The platform also includes automated deployments, upgrades, and policy compliance, with integrated metrics via built-in Prometheus and Grafana support to help teams monitor their Kubernetes health and resource consumption.
A quick glance across the Kubernetes landscape reveals a slew of similar platforms, such as Loft Labs, which recently closed a $4.6 million seed round of funding. And then there are more established players, such as RedHat’s OpenShift and Rancher Labs, which Suse acquired last year for a reported $700 million.
According to Scheele, Kubermatic differentiates itself in a number of ways, including what he calls a “unique Kubernetes-in-Kubernetes architecture” that consumes only a fraction of resources versus its most direct competitors while claiming that Kubermatic also offers “the largest choice” of integrations out-of-the-box.
“Our vision is to help customers achieve power through automation — we build the world’s most adaptable and autonomous software delivery platform because we want IT teams to focus their time on writing applications that rival the likes of Amazon and Google,” Scheele said.

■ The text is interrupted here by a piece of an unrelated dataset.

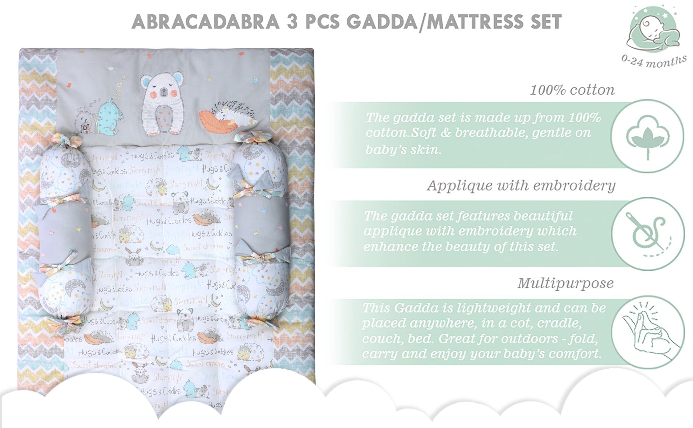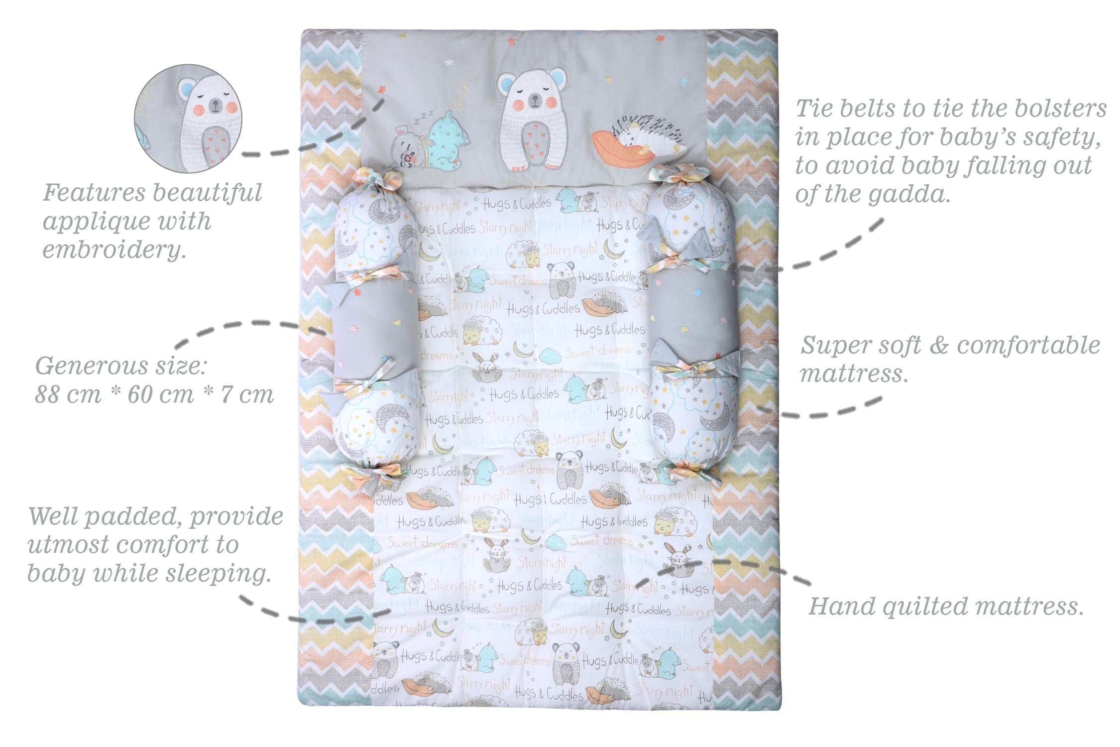 Gadda Set with 2 bolsters - Sleepy Friends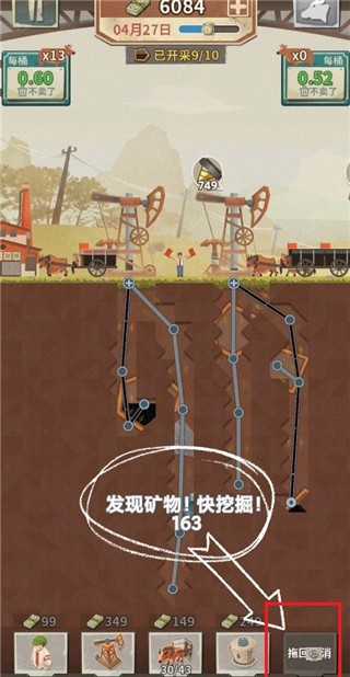 1、发现矿脉后,使用右下角的探测工具进行定位,并启动挖掘功能。

However, it’s sliced and diced, it’s clear that Kubernetes is one of the hot technology trends, both in industry and venture capital circles. In the past year or so, Red Hat, Cisco, Rapid7, and New Relic have all snapped up Kubernetes companies, while earlier this month Suse bolstered its Kubernetes security by acquiring NeuVector. Elsewhere, newcomers such as Nirmata are also attracting investors’ cash for solving Kubernetes complexity.
Alongside Nauta Capital, Kubermatic also secured the founders of process-mining company Celonis as angel investors.
“Containers and Kubernetes have become the de-facto standard to achieve the flexibility, speed, and resilience companies need for scalable business models like ours,” Celonis chief technology officer and cofounder Martin Klenk said in a statement. “Over the past months, I’ve witnessed more and more of our enterprise customers adopt Kubernetes, as well as multi-cloud and edge strategies to modernize their IT landscape and I expect this to become enterprise-mainstream for business-critical workloads.”